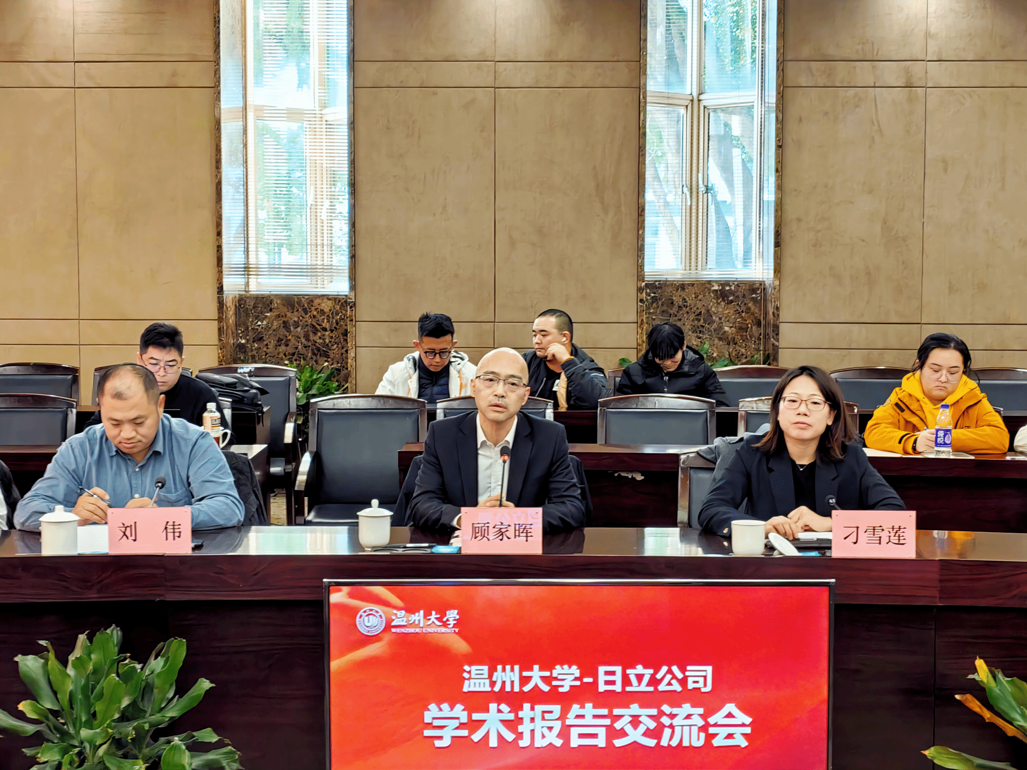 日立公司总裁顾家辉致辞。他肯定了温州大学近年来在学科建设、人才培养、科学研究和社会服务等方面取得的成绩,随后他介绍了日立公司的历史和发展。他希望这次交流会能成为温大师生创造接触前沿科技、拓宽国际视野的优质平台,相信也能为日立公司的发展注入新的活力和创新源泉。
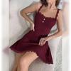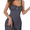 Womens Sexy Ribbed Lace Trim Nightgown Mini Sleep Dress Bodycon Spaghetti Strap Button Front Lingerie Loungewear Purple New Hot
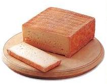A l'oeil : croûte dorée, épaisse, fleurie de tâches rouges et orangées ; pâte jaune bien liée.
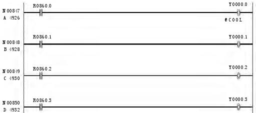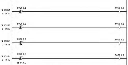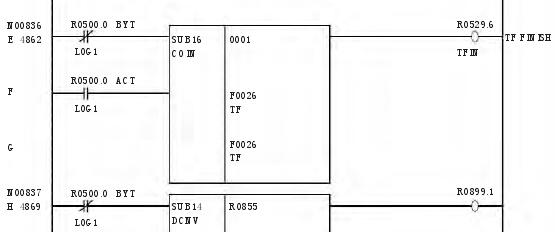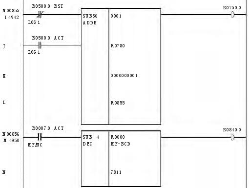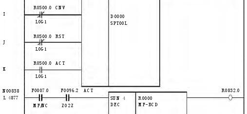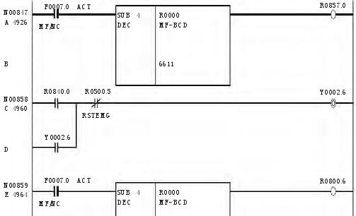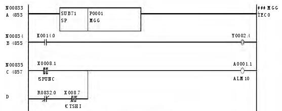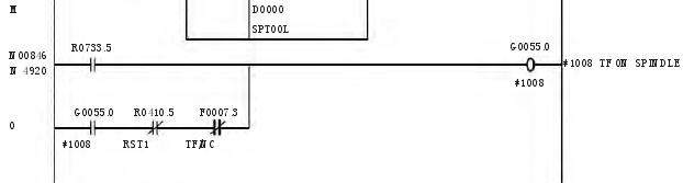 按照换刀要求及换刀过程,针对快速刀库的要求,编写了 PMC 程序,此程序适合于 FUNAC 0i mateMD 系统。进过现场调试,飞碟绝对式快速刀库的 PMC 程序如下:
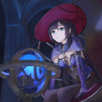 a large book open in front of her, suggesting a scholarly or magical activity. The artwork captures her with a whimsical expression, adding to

- - -

## Work required
Could the material above be given again exactly, pictures excluded?

## Exercise result
 日立公司总裁顾家辉致辞。他肯定了温州大学近年来在学科建设、人才培养、科学研究和社会服务等方面取得的成绩,随后他介绍了日立公司的历史和发展。他希望这次交流会能成为温大师生创造接触前沿科技、拓宽国际视野的优质平台,相信也能为日立公司的发展注入新的活力和创新源泉。
 Womens Sexy Ribbed Lace Trim Nightgown Mini Sleep Dress Bodycon Spaghetti Strap Button Front Lingerie Loungewear Purple New Hot
A l'oeil : croûte dorée, épaisse, fleurie de tâches rouges et orangées ; pâte jaune bien liée.
 按照换刀要求及换刀过程,针对快速刀库的要求,编写了 PMC 程序,此程序适合于 FUNAC 0i mateMD 系统。进过现场调试,飞碟绝对式快速刀库的 PMC 程序如下:
 a large book open in front of her, suggesting a scholarly or magical activity. The artwork captures her with a whimsical expression, adding to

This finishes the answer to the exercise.